Table 2 displays the descriptive and inferential statistics on the psycholinguistic variables for concrete and abstract probes and their contextual cue sentences used in Experiment 1. The translation of the stimuli to German led to a higher mean length (number of letters) of abstract probes as well as sentences, both p ≤ 0.011. The word count of the sentences did not differ significantly, p = 0.145. Concrete and abstract probes did neither differ in their (written) frequency of occurrence in the corpus of the CELEX online database40, p = 0.951, nor in their (spoken) frequency of occurrence in the corpus of the SUBTLEX-DE database41, p = 0.525. We conducted online ratings of the probes on 7-point Likert scales of imageability, context availability, valence and arousal with 25 German native speakers (3 male), between 19 and 38 years of age (M = 23.9 years, SD = 5.9 years), who did not participate in the SJT experiment. Valence and arousal ratings were collected, as emotional content has been shown to have a strong influence on semantic processing of abstract words8,11,12. Additionally, we acquired ratings on the same scales for the cue sentences. This rating study was conducted post-hoc including the cues from Experiment 1 and 2, rated by 42 German native speakers (4 male), aged between 18 and 30 years (M = 20.7 years, SD = 2.6 years).
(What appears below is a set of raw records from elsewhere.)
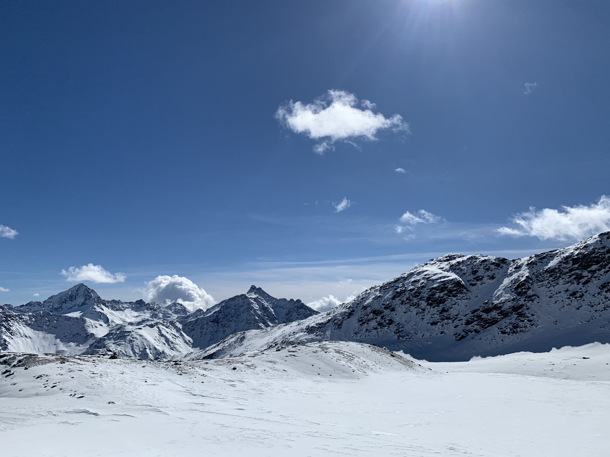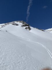 Da s.caterina valfurva si prosegue per la s.s.300 del gavia sino alla sbarra di plaghera(qualche km.).Da qui,calzati gli sci si sale un po’ per stradina e dove si puo’ fare qualche taglio.giunti all’imbocco della valle dell’alpe(c’e’ un cartello)a circa 2200m,si entra in valle salendo dolcemente sino ad incontrare e oltrepassare la seggiovia ed il letto di un torrente.Da qui si prosegue su dolci pendii sino ad incontrare ed attraversare un altro torrentello.A questo punto puntare sempre in oblicuo verso la bastionata rocciosa in fondo a sx,tenersi a distanza ma andare paralleli sino al pianoro di q.2700m dove alla fine si sale a sx e per pendii piu’ intuitivi si giunge alla base del ghiacciaio e con un giro in senso antiorario si giunge in vetta.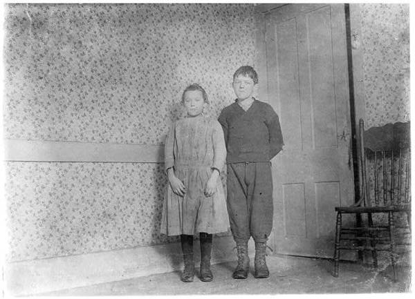 Compare ages: Veronica Mikula, says 12 years old, 93 N. Front St., Steven Mikula, (in mill) says 15 years, appears less than 14. Photo taken in spare unused room too cold to warm. They crowd together in kitchen. Location: New Bedford, Massachusetts.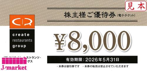 【番号通知可能】クリエイトレストランツホールディングス株主優待券 8,000円券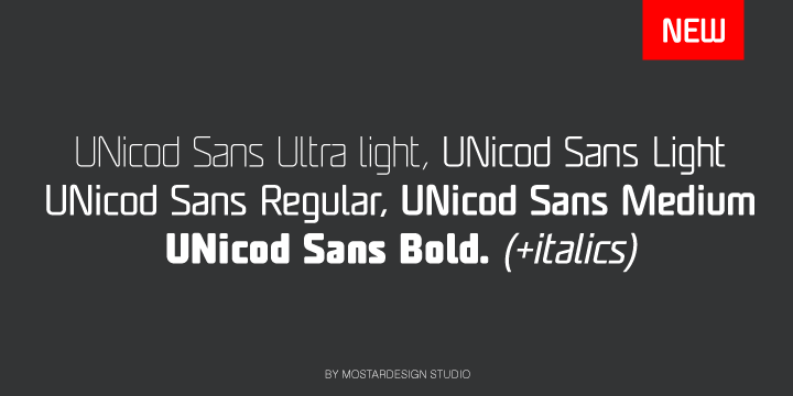 UNicod Sans is available in 5 weights with corresponding italics and 2 styles.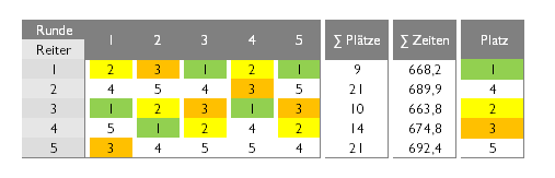 In der Wertung zählt vorerst die Platzierung, danach die bessere Zeit. Z. B. zuerst zählt die beste Platzierung (Reiter 1, 3, 4), bei Gleichheit der Summe der Plätze (Reiter 2 und 5) wird die Zeitsumme herangezogen, z. B. Reiter-Nr. 2 mit 689,9 s ist besser als Reiter-Nr. 5 mit 692,4 s.
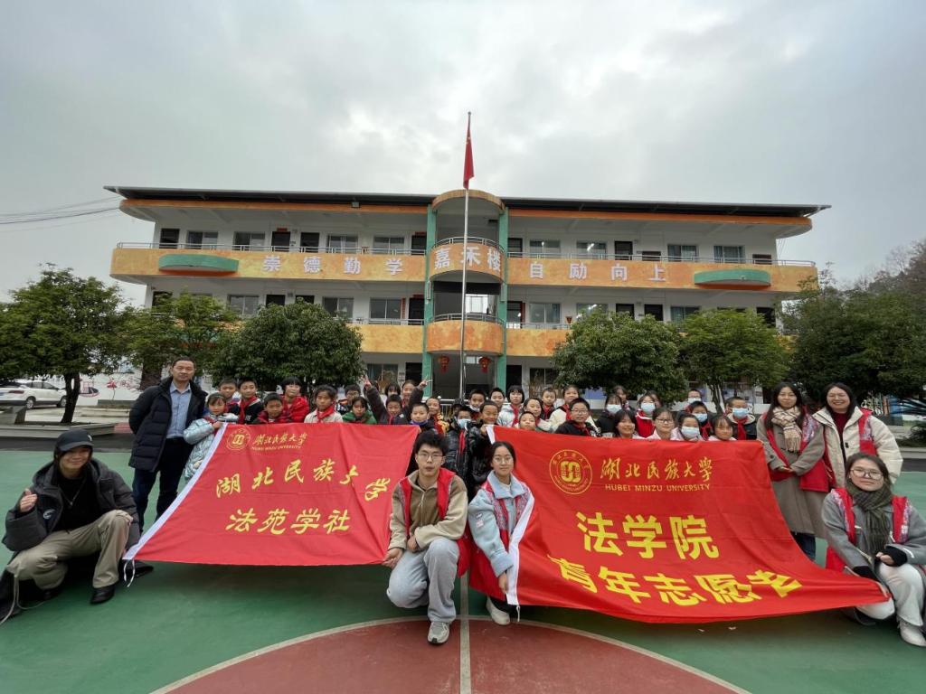 本网讯(通讯员 张昕、李佳欣)12月14日,我院在恩施市新塘乡下塘坝小学开展了以“法润青苗·共筑法治梦”为主题的法治宣传进校园活动,由法学院副院长李文革、团总支书记谢学婧带队。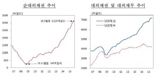 우리나라 순대외채권이 3000억달러를 처음으로 넘어섰다. 순국제투자잔액은 1900억달러를 돌파했다.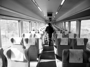 半個(gè)小時(shí)后,記者乘坐返回的Y572次列車。列車更加空曠,3號(hào)車廂中只有記者一人,車載電視也停止播放,買二等座票坐一等座也完全可以,回程時(shí)的乘客不過30人左右。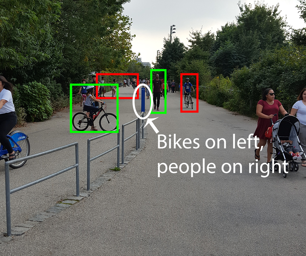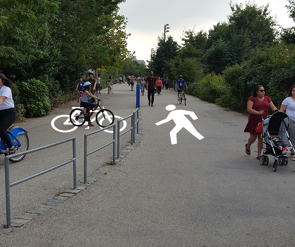 My first thought of poor signage is in Brooklyn Bridge Park. I live in the area and do volunteering there on a regular basis. In the park there is a path running through the entire area that is open to bicycles and pedestrians. Here is an example:

Concrete words and sentences received higher mean ratings of imageability and context availability, as predicted by the DCT and the CAM, all p < 0.001. Concrete and abstract probes’ mean valence ratings did not differ significantly, p = 0.535, but concrete probes received a higher mean arousal rating, p = 0.017. Abstract cues received higher arousal and higher (negative) valence ratings than concrete cues, both p ≤ 0.042.

Table 2 Descriptive and inferential statistics of the psycholinguistic variables for the probe words (A) and cue sentences (B) used in Experiment 1.

Procedure

We acquired the data in single subject testing sessions in two laboratory rooms at Heinrich Heine University. After providing detailed information about the experiment’s procedure, participants received standardized instructions over the computer monitor. Instructions included one contextual and one irrelevant cue example trial, which did not occur in the actual experiment. The experimenter read the instructions aloud and answered any arising questions in order to ensure effective comprehension of the task. The task was an SJT used previously in studies on patients and healthy subjects26,28,31, embedded in a cueing paradigm with contextual and irrelevant cues26. As illustrated in Fig. 1, each trial started with a fixation cross for 500 ms, followed by the cue for 5000 ms. Then, the probe appeared in the center of the screen and underneath it the three test words next to each other. The probe and test words were displayed on the screen till the participants’ response (see below) or for a maximum of 4000 ms. Three response buttons marked on a response box represented the test words’ position on screen. Throughout the experiment, the positions of the target word and the two foils were counter-balanced across the three possible positions and randomized over all the trials. Participants had to keep the digit, middle and ring finger of their right hand on the marked buttons of the response-box in order to reduce variability in reaction times due to hand posture. Participants were instructed to choose the test word, which was most similar to the probe, as fast and as accurately as possible via button press. Participants were informed that two short sentences, which might or might not end with the following probe word, would precede the presentation of the probe and test words and were asked to read those sentences thoroughly. Every 20 trials, there was the possibility to take a self-paced break. The experiment took approximately 35 min. After completion, participants received monetary compensation or course credit.

Figure 1
figure 1

Timing and exemplary stimuli of one trial of the synonym judgment task with a contextual cue and a concrete probe.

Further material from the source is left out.